A free GPL-licensed software library ADFlib allows to programmatically create and use disk images in ADF format, providing block-level access and support for Amiga filesystems OFS and FFS. It also includes several command-line utilities, one of them is unADF, which allows to extract data from ADF files. The library is used by many applications, including mentioned earlier: ADF Opus, ADF.inder, send2adf and fuseadf and also others like ADF Explorer for R.

The part of utility pack amitools contains a set of programs named xdftool. It is under GPL and can read, write, format, and do other operations with ADF images. xdftool is also able to create high-density ADF files with the currently undocumented create parameter type=adf_hd.

== Related formats ==
=== IPF ===
The ADF file format can only store disks that have legal AmigaDOS format tracks. Disks with non-standard tracks may be available in ADF format, albeit cracked in order to create a regular AmigaDOS volume. However, the Amiga itself was not limited to storing data in these standard tracks. The Amiga's floppy disk controller was very basic but transparent, and for that reason very flexible allowing disks of other and custom formats to be read and written as well. Disk handling is not locked down like the one in a modern PC, and so most of the work to read and write disks is done by the operating system itself. However, because programmers did not have to use the operating system routines, it was quite normal for games developers to create their own disk formats and also apply many different sorts of copy protection. As it was, most full-price commercial Amiga games had some form of custom disk format and/or copy protection on them. For this reason, most commercial Amiga games cannot be stored in ADF files unaltered, but there is an alternative called Interchangeable Preservation Format (IPF) which was specifically designed for this purpose.

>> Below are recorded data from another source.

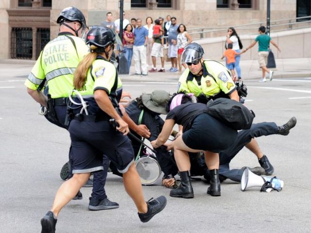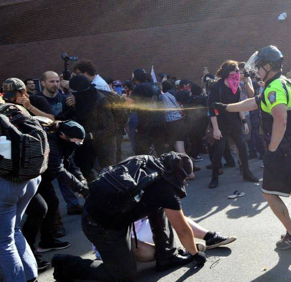 La policía arrojó gas pimienta sobre los contramanifestantes y realizó varios arrestos.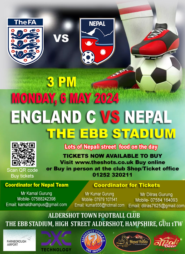 बेलायतको हाम्सायर प्रान्तमा अबस्थित अल्डरसट टाउन फुटबल क्लवले धेरै संघसंस्थाको सहयोगमा आगामी मे ६ तारिखका दिन नेपाली फुटबल टिम र इंग्ल्याण्ड सी टिमबीच ऐतिहासिक फुटबल खेल आयोजना गर्ने भइरहेको छ ।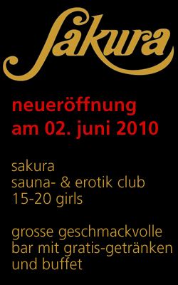 ZitatDas Pussyclub Sakura bleibt ab dem 31. Jan bis wir alle Whirpools - eine Bar (unten) neue Sanitäre Anlagen , und Lichtshows installiert haben bis auf weiteres geschlossen . Weiter kommt hinzu , Showprogramme / Einlagen - neue Zimmer mit TV / Video - Intime Kuschel Ecke . etc. etc.Bis dahin würden wir gerne euch liebe Paare und Einzelpersonen - gerne wie bis anhin - empfangen.In diesem Sinne bedanken wir uns , bei unseren treuen - zufriedenen und allen anderen Gästen !Bis auf ein wohlgestärktes Wiedersehen ! im Neuen Jahr / Look !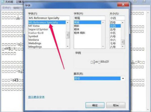 2、在字体修改窗口,可以看到设置的不是中文字体,发现是一种符号字体;如图所示: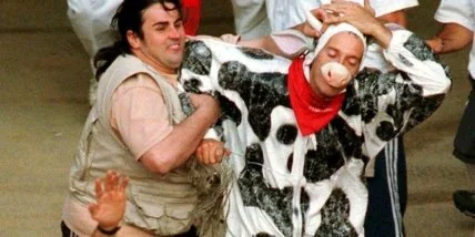 Каждый раз, когда мимо проносят образ святого, участники процессии кричат: "Вот идет корова!" "Корова" при этом бегает среди толпы, распугивая всех рогами. Шествие заканчивается, когда процессия достигает мэрии, где ее встречает глава города. "Корове" здесь предлагают поджаренный хлеб и лимонад или вино. Далее стартуют массовые гуляния. После полудня все расходятся по домам.

The Software Preservation Society Interchangeable Preservation Format (.IPF) is an open format for which the source code of the official library is available.

=== DMS ===
ADF files were sometimes compressed using the Disk Masher System, resulting in .dms files.

=== FDI ===
FDI (from Formatted Disk Image) is a universal disk image file format specification originally published by Vincent Joguin in 2000. The FDI format is publicly documented, and accompanied by open source access tools. Because the format can store raw low-level data, as is for example required to support copy protection schemes and other non-standard formats, FDI files can be larger than disk image files in other formats. The typical file extension is .fdi. Because of the universal design of the FDI format, files in other disk image formats, such as ADF, ADZ and DMS, can in theory be converted to FDI.